Acatenango volcano (13045 ft / 3976m) is the third highest peak in Guatemala. Sometimes known as La Horqueta, it is one of three volcanoes overlooking Antigua, Guatemala, and is joined to its nearest neighbour – Volcan Fuego (Fire Volcano) by a short saddle. Fuego volcano is known for its frequent volcanic activity (both minor ash clouds and major eruptions) which can be clearly seen from the surrounding area, with a recent eruption in early 2015 which showered surrounding towns in layers of ash.
The Acatenango hike itself is not particularly long or strenuous – rather, it is the altitude which causes the greatest problems. Most people are likely to feel this, being extra tired and finding the hiking harder – and altitude sickness is also a real possibility. Unfortunately, like the other volcanoes around Antigua, Acatenango volcano has been known for serious robberies in the past and it is recommended to go with a tour group and security.

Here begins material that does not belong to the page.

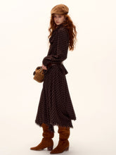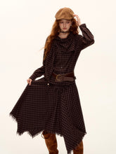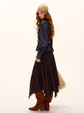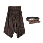 This statement skirt channels a refined yet edgy aesthetic, featuring a deconstructed asymmetric silhouette with a raw frayed hem. The plaid pattern combines classic texture with a modern industrial edge, while the studded belt accentuates the waistline for a flattering A-line shape. Its flowy drape and irregular cut create dynamic movement, perfect for styling with structured tops or leather outerwear in a contemporary “Maillard” tonal palette.

To climb Acatenango volcano we started at 6am from just outside Antigua, and quickly drove around the volcano to start the ascent from the far (Northern) side at a hamlet called Aldea de Soledad. Here there are small tiendas (shops) selling the typical supplies of a small Guatemalan village, but you would be wise to bring all ‘hiking’ food with you from Antigua.
Starting the hike, we climbed quickly through maize plantations. In the cool, clear morning air we could see as far as the volcanoes around Lago Attilan, about 30 miles away.
After a long, steep hike through farm land and then into pine forest and up switchbacks, the path split at a run down campsite where we took a short break. It is possible to break the Acatenango hike into a 2 days / 1 night trip and camp either here or further up at the saddle between the volcano’s two peaks. However, camping so high after so little acclimatization is not a good idea, and we figured that bringing the necessary equipment for a night at this altitude would be more of a hindrance.
From the campsite there is a direct path which proceeds straight up Acatenango’s secondary peak, Yepocapa, also known as Las Tres Hermanas or the Three Sisters (3880m), and down the other side. Alternatively, there is an easier, flatter route with contours around Yepocapa and then joins with the first path in the saddle between the two peaks. Feeling the effects of altitude somewhat, we chose the latter.
Rounding Yepocapa, we were treated to magnificent views over Volcan Agua (Water volcano) across the valley, and down to the towns below – Antigua and Antigua Viejo. As the forest quickly changed to grassland and then dust, we climbed the short section to the saddle, ready to tackle the final summit climb.
Not a crater in the traditional sense, Acantenago’s large summit plateau is a peaceful, barren place. It reminded me of Armstrong’s words on the lunar surface – “It has a stark beauty all of its own”. On the north side of the ‘crater’ is the highest point, complete with a strange metal summit marker. From the plateau there are spectacular views for miles and, of course, a close up view of Volcan Fuego. The altitude (13045 ft / 3976m) really became visible for the first time – above the clouds, with unhindered views and cold air despite a fierce sun.
At that moment, just as we stepped foot on the summit, Volcan Fuego sent us a small reminder that Acatenango isn’t the only volcano in the area….at this distance Fuego’s ash cloud was already well into the air by the time the sound reached us. Fuego – only a few kilometres away – continued to belch ash at regular intervals the whole time we were on the summit (two weeks later it would erupt significantly, causing havoc in Antigua).
It is possible – sometimes – to descend Acatenango and climb Fuego (the path is clearly visible in the photo below). However, the hike takes several more hours and can be very dangerous. Even at this distance we could see huge boulders running down Fuego’s slopes every time it emitted an ash cloud.